Indexing questions

realtime99 · March 15, 2012

Hi, a few questions on indexing.

When indexing pdf files that are just images of the pages and do not include text information under the image, sometimes when I individually reindex the item, the status remains index 'no', but other times it changes to index 'yes'. This is true even if I select another item after reindexing and then re-select the first. Why is this? Is there some difference between these pdf's that I am missing?

Also, I am trying to rebuild my index from scratch for a library of about 5000 items. My computer takes between 20 seconds and 5 minutes to index a pdf, so that is about 100 hours to do the whole thing. Is there any way to index a subset of pdf attachments without selecting them all one-by-one? I have tried to set up searches to do this, but even in search groups that show pdf attachments in normal text and their parent records as greyed-out, using shift-click selects all files, not just pdfs, and thus the 'reindex item' option is not visible.

I cannot interact with Zotero in any way during indexing, even to minimize the widow. Is that expected behavior?

Lastly, I would like to OCR the pdfs that do not have any text information, so they can be indexed and searched. As mentioned above, sometimes these pdfs are shown as indexed even if they have no text to index. Is there any way to distinguish these pdfs from those that are actually properly indexed by their text, without opening every pdf individually? Even if not in zotero, is there a characteristic of these pdfs (such as a very small file) that I can search for to aid in this task?

I am using Zotero standalone in Win 7 x64.

Thanks!

adamsmith · March 15, 2012

1. presumably because they have a small amount of text somewhere
2. Re-building your index shouldn't take that long if you do this from the Zotero preferences, manual re-indexing isn't something you should typically have to do - there is an option, I believe, to only index un-indexed items.
You can select just the pdfs in a saved search with parent items greyed out by using ctlr+a (cmd+a on a mac) instead of shift-select.
3. No, I don't believe there is a way to distinguish them - if anything, files w/o text will tend to be larger, but that's not a firm rule either, as there are also files with a text and an image layer.

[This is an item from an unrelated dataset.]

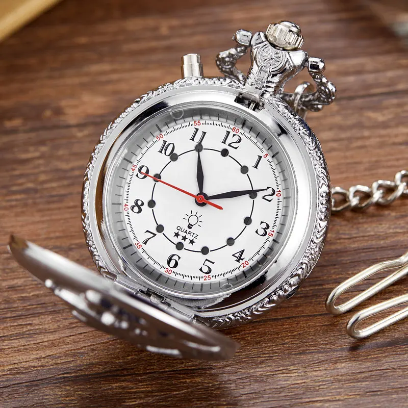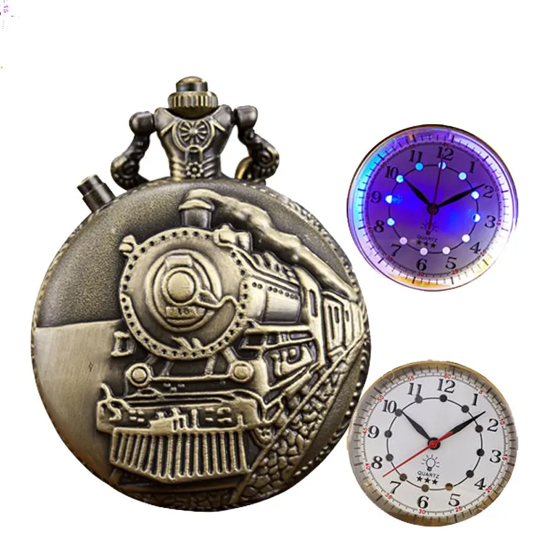 Светящиеся светодиодные винтажные часы со светодиодной подсветкой, флеш-колье часов, уникальные бронзовыесеребряныезолотые часы с паровозиком и двигателем, серебристые кварцевые карманные часы

dstillman · March 15, 2012

manual re-indexing isn't something you should typically have to do

The only catch here is that file syncing doesn't currently trigger indexing, so attachments that came from another computer would generally be unindexed. We'll try to address this soon.

aurimas · March 15, 2012

As far as OCR goes, you may find this question helpful http://superuser.com/questions/107678/batch-ocr-for-many-pdf-files-not-already-ocred

Tesseract (http://code.google.com/p/tesseract-ocr/) should do what you want, thought I haven't actually tried it.

EDIT: Also, maybe SimpleOCR (http://www.simpleocr.com/Info.asp). You can probably find more tools by googling batch ocr

realtime99 · March 15, 2012

Thanks for the helpful responses. adamsmith, you were right about 1.

On 2, ctrl+A is super-helpful--is that shortcut documented anywhere?

Also on 2, how long should it take? I just indexed a 400 pg. book and it took about 2 minutes. 5000 items at 1 minute each is 83 hours--are you saying that it will be much faster doing it through preferences? Remember, I am building the index from scratch.

On 3, I just tried searching my storage folder for .zotero-ft-cache files smaller than 5k, and it seemed to grab those pesky non-OCR'd pdfs that have a small bit of hidden text. Would that make sense? Is that file the index information for each pdf?

And last, is it the case that I should expect Zotero to totally freeze during indexing so that I cannot even minimize the window? If I have to cancel the process halfway through, will it still retain the indexing it has done?

Thanks again.

adamsmith · March 15, 2012

2. Ctrl+a is just the generic "select all" shortcut pretty much anywhere on your system. I actually found the shift+click behavior a bit puzzling myself, I would have expected that to also only select the attachments.

I don't know how long it should take - obviously it depends on your computer, too though W7 64bit sounds like it'd be on a pretty fast machine - someone just talked about a similar size library and much of it was indexed within 13hs - seems like an ideal overnight task.
On the other hand, 2mins strikes me as quite long, I've never seen that. I don't know if scripts like pdftotext run slower on Windows.

3. I believe the indexing will be retained, yes, and yes, I think currently indexing takes over Zotero completely, that will change in the future.
I'm not 100% sure about your ft-cache method, but it sounds right.